* Aim of the task *
In the records below, repeat exactly the lines between the line holding "For Xiaomi Smart" and the line holding "ฝรั่งเศส ผลิตจากโพลีเอสเตอร์ พิมพ์ลายสองด้านตามสั่ง", inclusive, and drop the pictures.

Records contained in a dataset
►

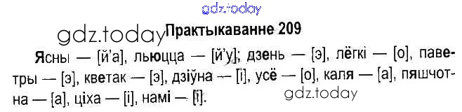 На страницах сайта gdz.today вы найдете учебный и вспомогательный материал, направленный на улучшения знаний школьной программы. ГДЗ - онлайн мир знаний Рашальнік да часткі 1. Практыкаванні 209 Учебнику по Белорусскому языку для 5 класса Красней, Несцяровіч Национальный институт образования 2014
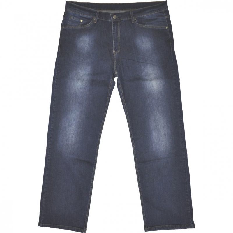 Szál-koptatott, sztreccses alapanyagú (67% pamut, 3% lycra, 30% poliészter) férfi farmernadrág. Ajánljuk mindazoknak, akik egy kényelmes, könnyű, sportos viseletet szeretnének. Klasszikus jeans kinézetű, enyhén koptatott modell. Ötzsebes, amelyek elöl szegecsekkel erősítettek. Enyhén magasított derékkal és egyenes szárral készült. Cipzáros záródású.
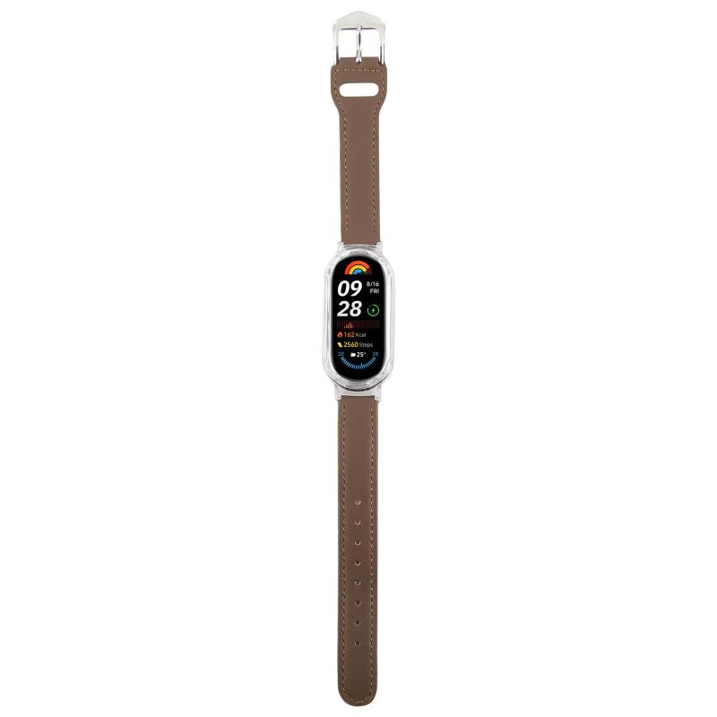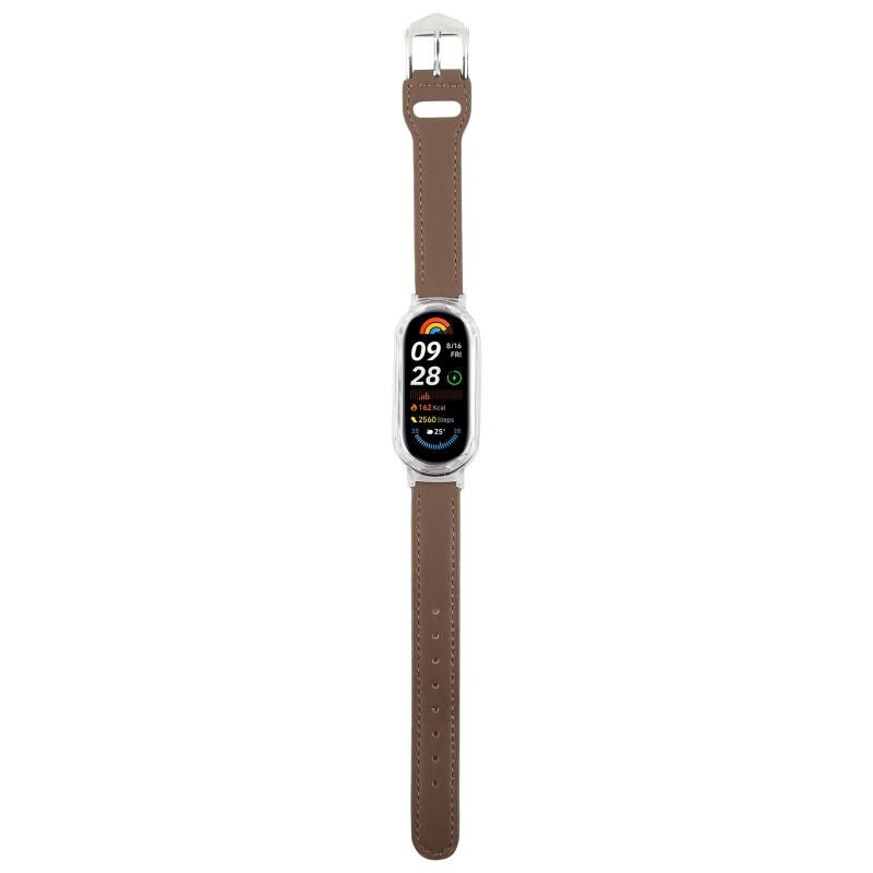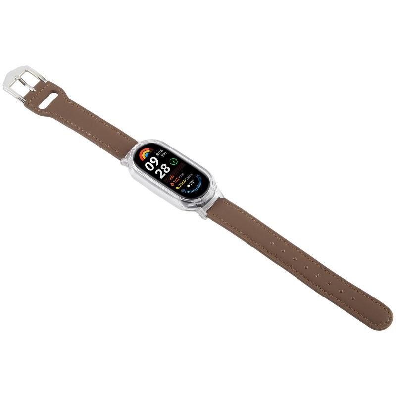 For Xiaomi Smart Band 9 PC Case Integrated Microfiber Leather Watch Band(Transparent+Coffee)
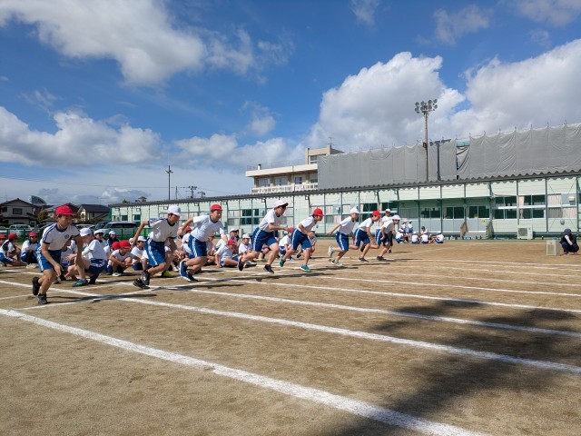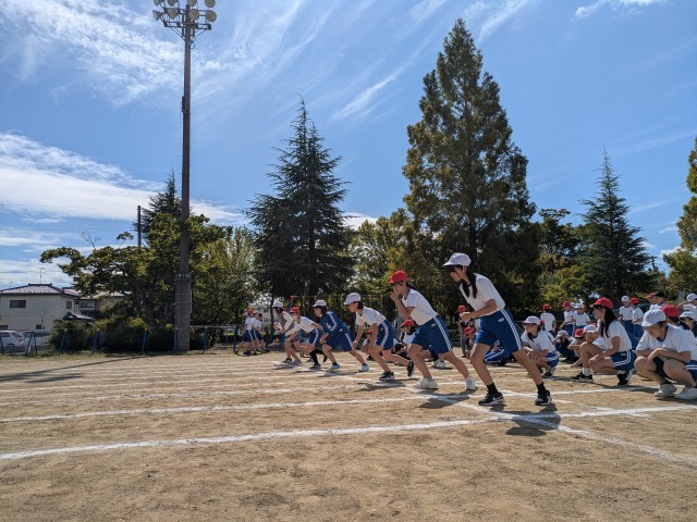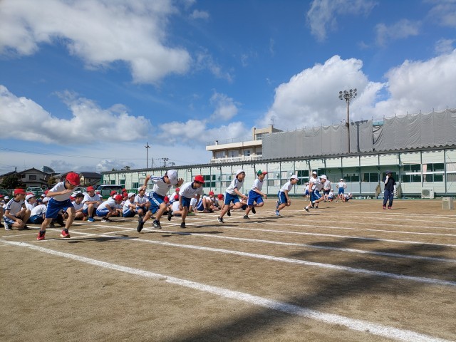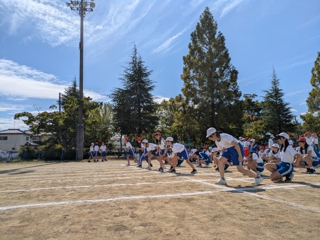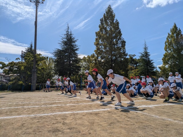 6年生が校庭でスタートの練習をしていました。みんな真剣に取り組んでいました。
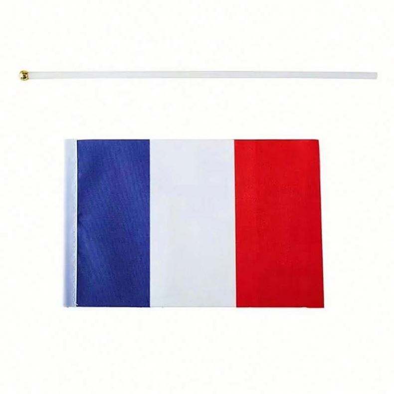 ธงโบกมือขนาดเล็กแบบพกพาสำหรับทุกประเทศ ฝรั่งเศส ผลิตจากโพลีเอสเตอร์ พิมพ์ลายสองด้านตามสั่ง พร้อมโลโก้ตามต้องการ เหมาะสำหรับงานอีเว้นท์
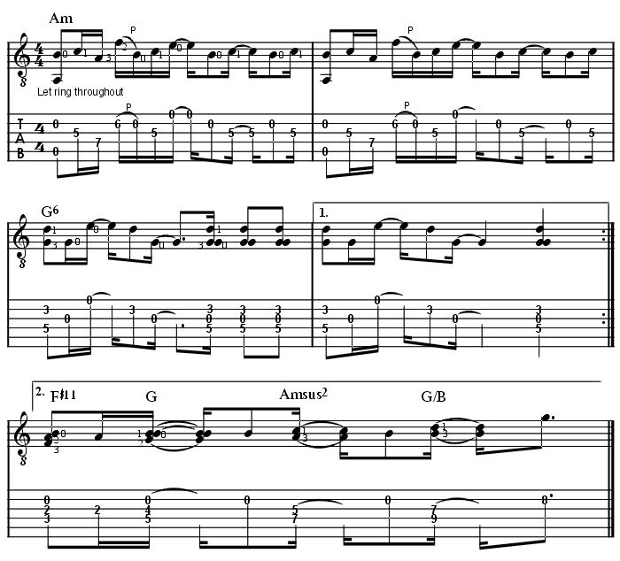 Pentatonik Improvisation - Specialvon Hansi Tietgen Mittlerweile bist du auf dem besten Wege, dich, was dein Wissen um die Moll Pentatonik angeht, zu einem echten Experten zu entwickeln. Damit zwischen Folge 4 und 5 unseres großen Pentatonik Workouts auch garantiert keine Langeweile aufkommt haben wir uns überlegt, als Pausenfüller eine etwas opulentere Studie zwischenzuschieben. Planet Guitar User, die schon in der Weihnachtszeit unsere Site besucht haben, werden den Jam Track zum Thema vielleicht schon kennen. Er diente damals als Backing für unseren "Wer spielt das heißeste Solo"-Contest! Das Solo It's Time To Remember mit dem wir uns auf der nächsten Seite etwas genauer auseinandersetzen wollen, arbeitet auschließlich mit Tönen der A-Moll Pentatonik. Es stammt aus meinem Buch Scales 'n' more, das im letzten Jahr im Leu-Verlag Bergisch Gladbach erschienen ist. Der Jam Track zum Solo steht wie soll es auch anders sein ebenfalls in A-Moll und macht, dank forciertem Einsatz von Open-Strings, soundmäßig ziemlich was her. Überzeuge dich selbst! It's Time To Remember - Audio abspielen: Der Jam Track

◄

* Finished task *
 For Xiaomi Smart Band 9 PC Case Integrated Microfiber Leather Watch Band(Transparent+Coffee)
 6年生が校庭でスタートの練習をしていました。みんな真剣に取り組んでいました。
 ธงโบกมือขนาดเล็กแบบพกพาสำหรับทุกประเทศ ฝรั่งเศส ผลิตจากโพลีเอสเตอร์ พิมพ์ลายสองด้านตามสั่ง พร้อมโลโก้ตามต้องการ เหมาะสำหรับงานอีเว้นท์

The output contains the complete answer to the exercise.